## WHAT YOU NEED TO DO:
The answer is to be the lines below that lie between the line holding "This mini stunt" and the line holding "Christian Louboutin Black", inclusive, transcribed exactly and free of pictures.

## RECORDS FOR THE EXERCISE:
────────────────────────────────────────

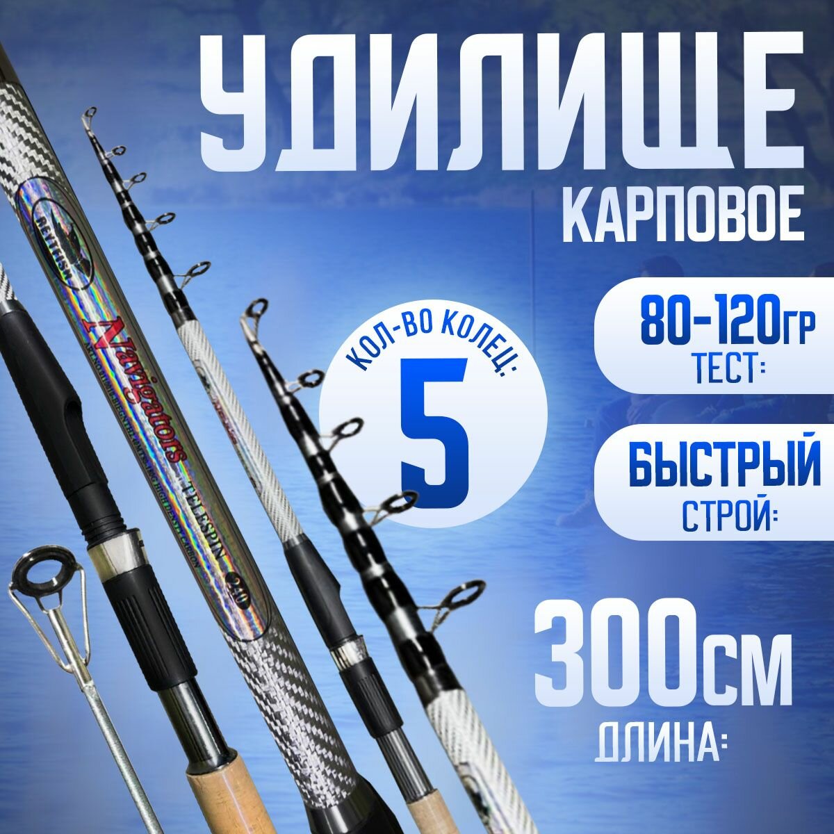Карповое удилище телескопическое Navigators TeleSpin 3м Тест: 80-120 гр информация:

────────────────────────────────────────

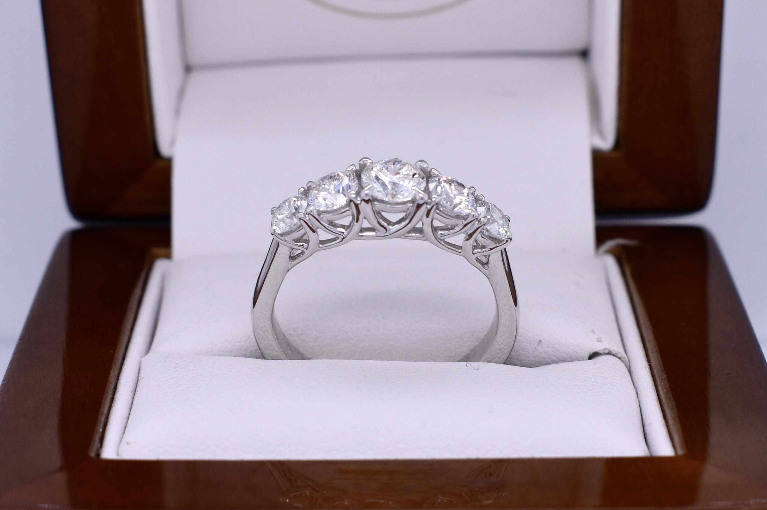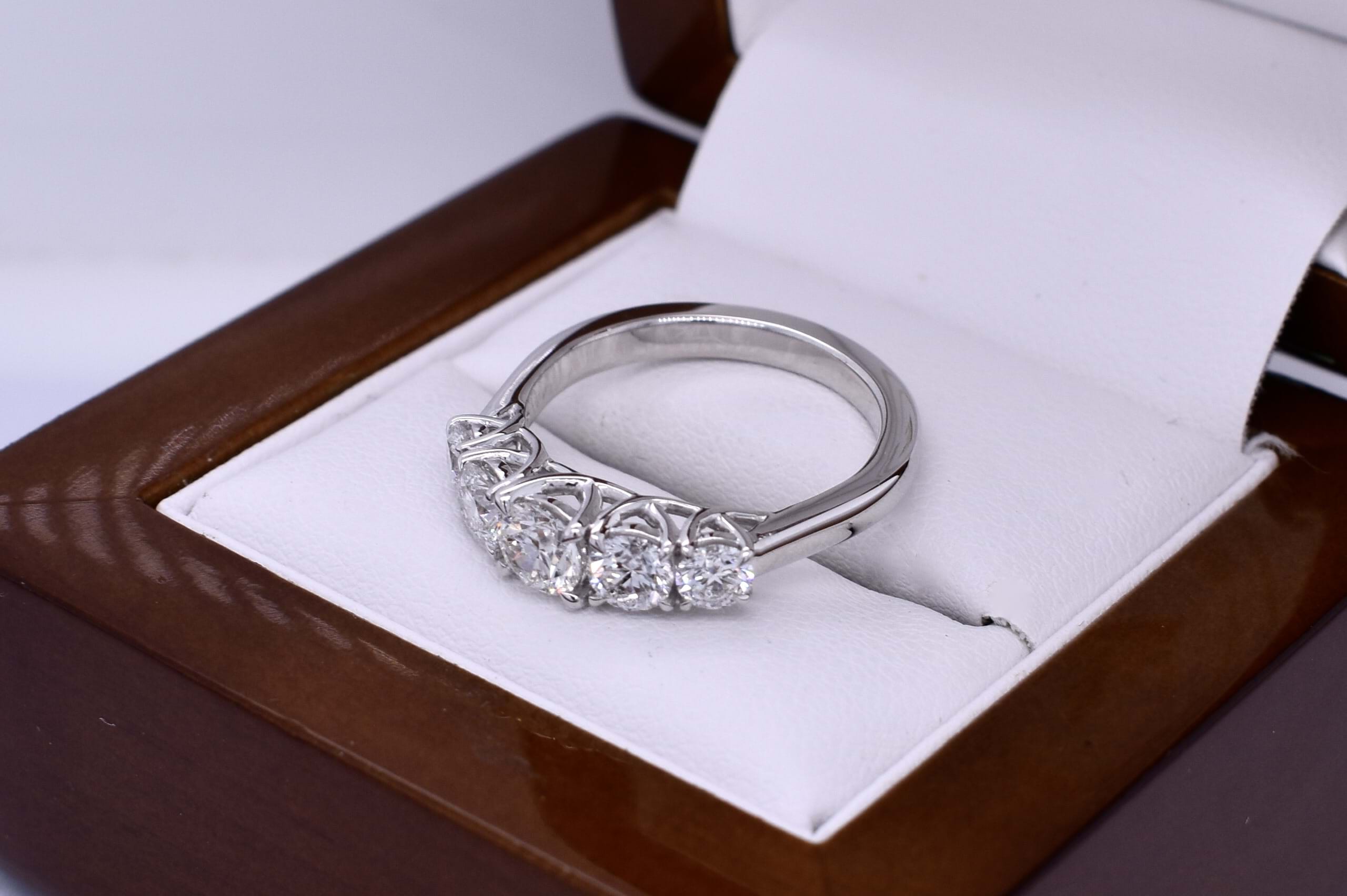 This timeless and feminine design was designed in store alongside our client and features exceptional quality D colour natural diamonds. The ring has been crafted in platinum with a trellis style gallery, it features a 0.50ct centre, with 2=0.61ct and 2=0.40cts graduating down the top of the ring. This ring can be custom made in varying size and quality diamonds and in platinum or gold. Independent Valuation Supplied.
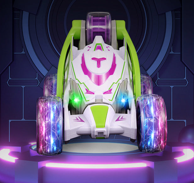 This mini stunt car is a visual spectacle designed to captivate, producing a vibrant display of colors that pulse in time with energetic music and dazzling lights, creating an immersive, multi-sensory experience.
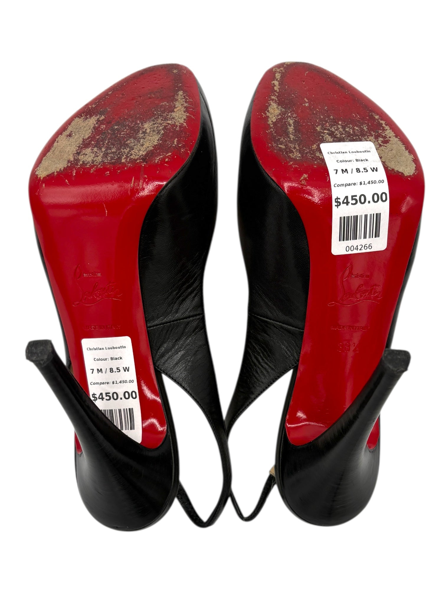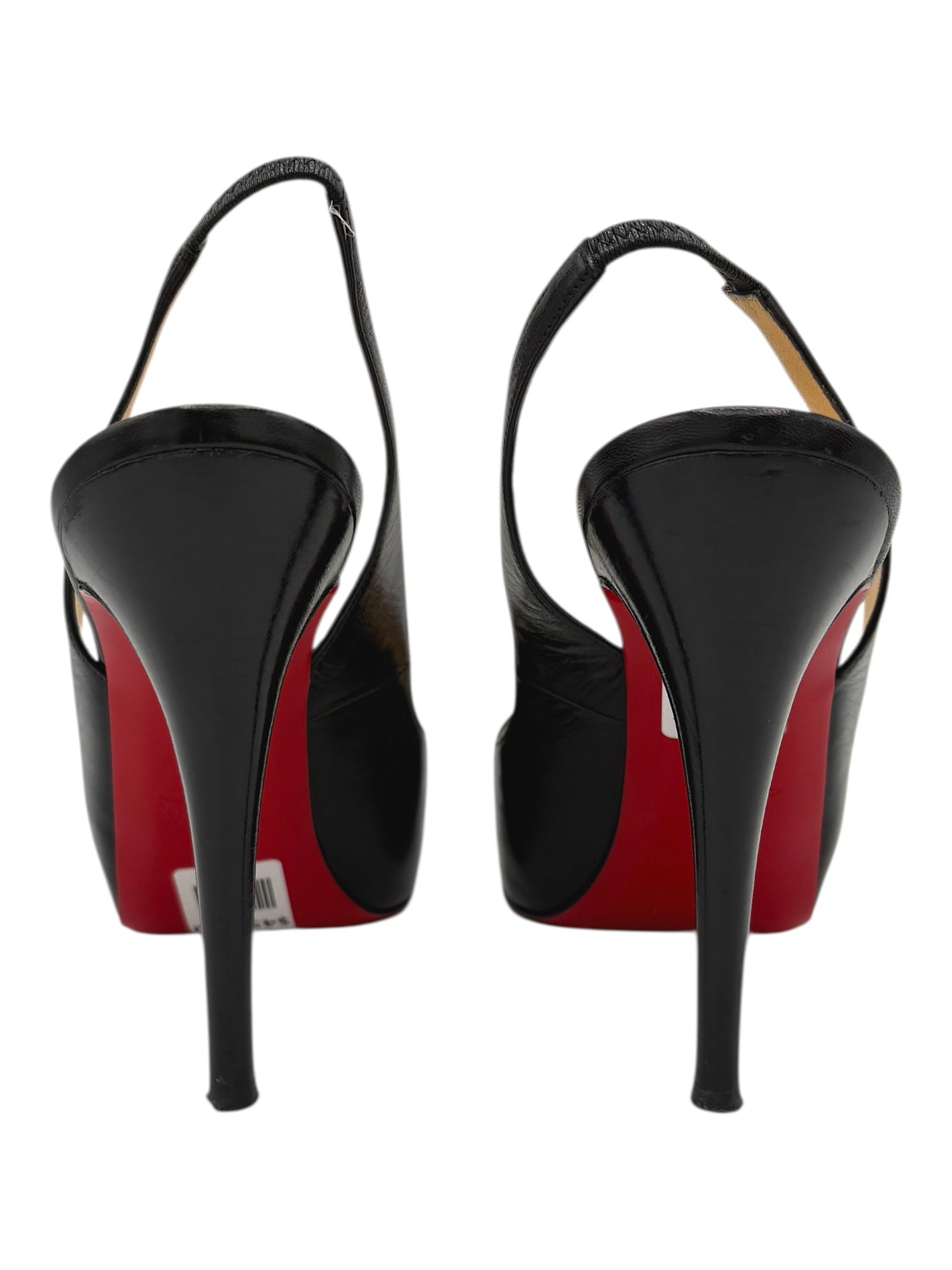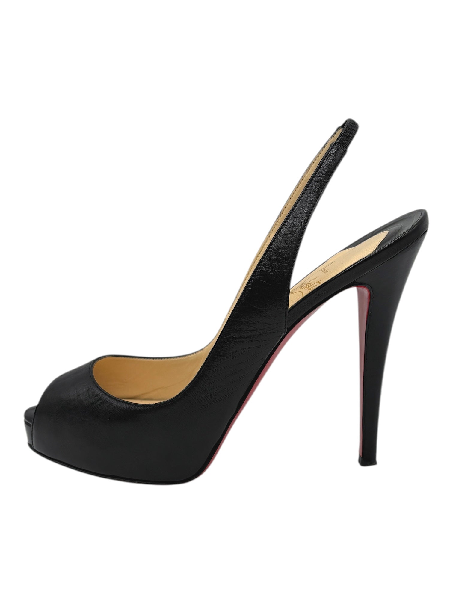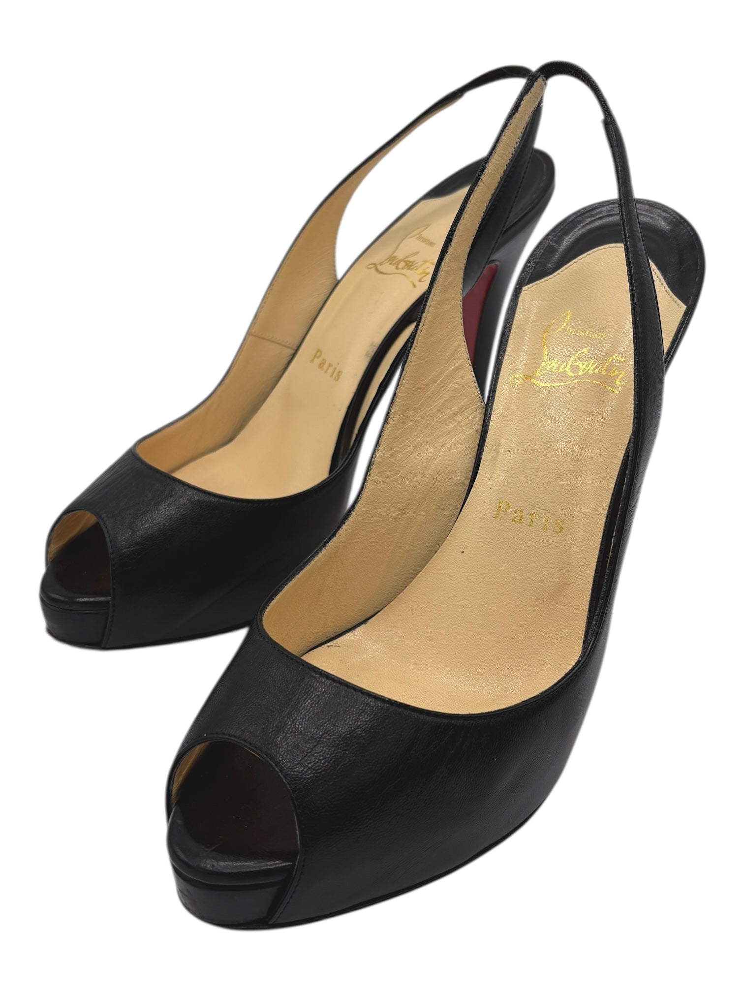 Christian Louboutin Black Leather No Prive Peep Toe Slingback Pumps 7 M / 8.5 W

────────────────────────────────────────

## COMPLETED EXERCISE:
 This mini stunt car is a visual spectacle designed to captivate, producing a vibrant display of colors that pulse in time with energetic music and dazzling lights, creating an immersive, multi-sensory experience.
 Christian Louboutin Black Leather No Prive Peep Toe Slingback Pumps 7 M / 8.5 W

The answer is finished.